All winter I have been dreaming of winter. I know: most of you are ready for it to be done. You’ve had snowmageddons and polar vortices and ice storms and all kinds of ridiculous, frigid, challenging weather. In California, there’s been hardly any winter to speak of, owing to a different kind of ridiculous: our crazy, record-breaking drought. It’s been weird: record strings of dry, warm days that make typically cool and foggy San Francisco feel almost like the perennially warm Los Angeles. Many fruit trees need a dormant period of cold to bear fruit the next summer. Perhaps I am the same. A sense of the seasons makes the passing of time feel right.

Montana Winter // The Year in Food

Montana Winter // The Year in Food

Montana Winter // The Year in Food

That’s part of why I went to Montana: I ached to feel a deep sense of winter in my bones. And I got it in spades. It snowed every day. It was cold, and windy, and snowy, and invigorating. I snowshoed, cross-country skied, explored the snow-packed roads with big winter boots on, took my camera everywhere, witnessed a lot of magnificent wildlife, experimented with gluten-free sourdough (more on that soon!!!), and was really, really happy to have brought this soup along with me, where its flavor increased exponentially with the plummeting temperature. The cold and the challenges of winter bring the little luxuries of our lives into such sharp focus. I like to be reminded of these things.

Montana Winter // The Year in Food

Montana Winter // The Year in Food

Montana Winter // The Year in Food

There’s something lovely in having a period of time dedicated to rest, even if our culture hardly allows for it. I think that’s where winter becomes frustrating: when we have to function at the same level against circumstances that ask us to stay put and to pause. Soups are, I think, a celebration of slowing down, resting, and hibernation. A few weeks back I had a version of this at one of my favorite restaurants, Nopalito, and I was smitten. What I’m most blown away by is the simplicity and richness of the broth: it’s just vegetable or chicken stock in which dried chipotle chiles are soaked, and a can of fire-roasted tomatoes is added for good measure. Caldo Tlalpeño typically has carrots, chickpeas, and green beans, along with chicken and avocado to finish. Nopalito smartly added winter crucifers: cauliflower and brussels sprouts. I followed their lead with an abundance of leafy winter vegetables: magenta-hued orach (a wild spinach cousin), baby rainbow chard leaves, and baby rainbow carrots. Way to bring the color in winter.

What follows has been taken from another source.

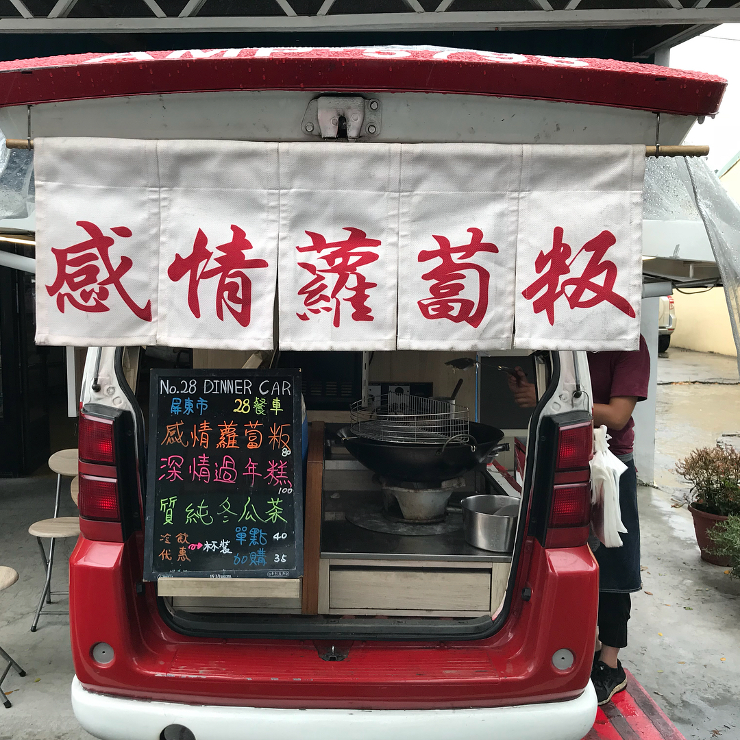 ▼「28餐車」在嘉、南、高、屏等地不定點不定時販賣,招牌人氣商品「感情蘿蔔粄」把外婆家傳的蘿蔔絲餅加以改良創新,在油鍋中上色至金黃,麵衣裹著絲絲清甜蘿蔔,還帶有淡淡蔥的香氣,撒點胡椒鹽就非常好吃。

Caldo Tlalpeno // The Year in Food

Caldo Tlalpeno // The Year in Food

Yield: about 6 servings

This soup is a little bit of a mash-up between caldo tlalpeno and sopa de tortilla. (Caldo Tlalpeno doesn’t traditionally have tortilla strips.) It does typically have chicken, but I made this version vegetarian. The framework is so forgiving. This is definitely a kitchen sink kinda soup: throw in the last of whatever’s in the crisper drawer. It’ll likely all taste good in there.

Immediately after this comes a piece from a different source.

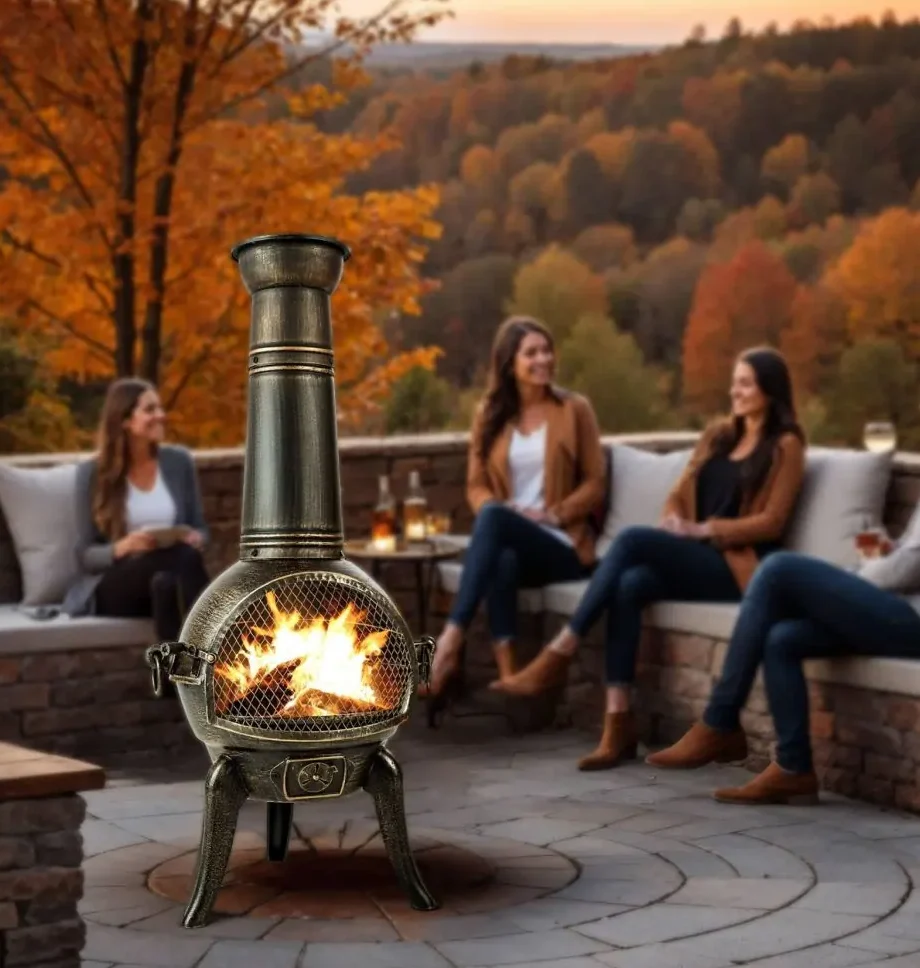 Laat je inspireren door de nostalgische charme van onze driepotige terraskachel! Met zijn rustieke ontwerp geeft het je terras een uitnodigende retro-look. Dankzij de handige, meegeleverde pook ontsteek je het gezellige vuur moeiteloos. De afsluitbare deur met vonkenscherm zorgt voor een hoge veiligheid.

2 leeks, white and pale green parts only, rinsed and thinly sliced crosswise (or use diced onions)
2 garlic cloves, pressed or minced
6 cups vegetable or chicken broth
4-6 whole dried chipotle chiles
1 (15 ounce) can fire-roasted diced tomatoes
2 teaspoons dried epazote
2 large carrots (or 1 small bunch of petite rainbow carrots), rinsed and sliced 1/2-inch thick on the diagonal
1 (15 ounce) can chickpeas, rinsed and drained
1 teaspoon sea salt
4-6 cups winter leafy greens, such as: orach, baby chard, baby kale, spinach, collards, etc
6 corn tortillas, cut into thin strips, optional
1 or 2 limes, sliced into wedges
Cotija or Feta cheese

In a large stock pot, melt a little butter or olive oil over medium-low heat. Add the leeks and sauté, stirring occasionally, until soft, about 5 minutes. Add the garlic and stir for another minute or so. Add the vegetable broth, chipotle chiles, tomatoes, and epazote. Cover, and bring to a boil. Reduce heat to low, add the carrots and chickpeas, and cook at a simmer until the carrots are cooked through. Add the leafy greens in the last couple minutes of cooking and turn off heat when the greens are soft. Set aside.

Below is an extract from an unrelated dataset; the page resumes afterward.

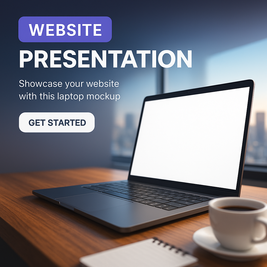 Website Presentation Mockup with Laptop and Coffee

Meanwhile, heat the tortilla strips in a toaster oven at 300 degrees, or in a large pan over medium heat with a little oil, until crisp.

To serve, ladle soup into bowls, garnish with the cheese, cilantro, and tortilla strips. Serve with lime wedges on the side.

  • Ileana - You make winter look good.

    Those magenta leaves of orach (great word) look positively surreal. Please send to Florida.ReplyCancel

  • Hannah Morgan - Wow. I’ve been browsing the internet for a fortifying vegetarian soup and voila, this gorgeous post landed in my inbox. What a gift! I’ll make this for a weekend trip to a winter beach. What’s the spice level of the recipe, as you’ve written it here? I may need to tone it down for my peeps…ReplyCancel

  • Lynda - I am with you in the winter department. At least I can enjoy your lovely photos and imagine…ReplyCancel

  • caroline - i’ve been feeling the exact same way! i live in northern california and it’s so hot and dry all summer that if we don’t get the winter it really makes me crazy! if i wanted this weather i would have moved to los angeles… your snow pictures look perfect. THAT’s what winter is supposed to look like!ReplyCancel

  • sandra - I love your shots of the winter wonderland. Almost makes me want winter to go on and on… almost but not quite. :)ReplyCancel

  • Alison - I love reading the perspective of winter from those that live in warmer climates. By this time, in our Midwestern winter, I am aching for sunshine and warmth. While I love living in a place with such distinct seasons, winter always feels the longest. Your images are a reminder to me that there is beauty in all seasons. Just lovely.ReplyCancel

  • Asha - I really do not like the cold and definitely not going out in it! But your photos make me want to change my mind. Love! :)ReplyCancel

  • Kimberley - @Hannah, good question regarding the heat. It really depends on how spicy your dried chipotles are, and that’s wildly variable. Mine were very mild, so I kept adding more and more, and it’s really what made the broth so special. I would start cautiously and hope for a mild batch of chiles.ReplyCancel

  • Katrina @ WVS - I love the way you love winter, and your photos make me so happy! Also, this soup looks perfect :)ReplyCancel

  • tara - I would love to see that buffalo picture printed super large. If ever you open a print shop, I will be first in line.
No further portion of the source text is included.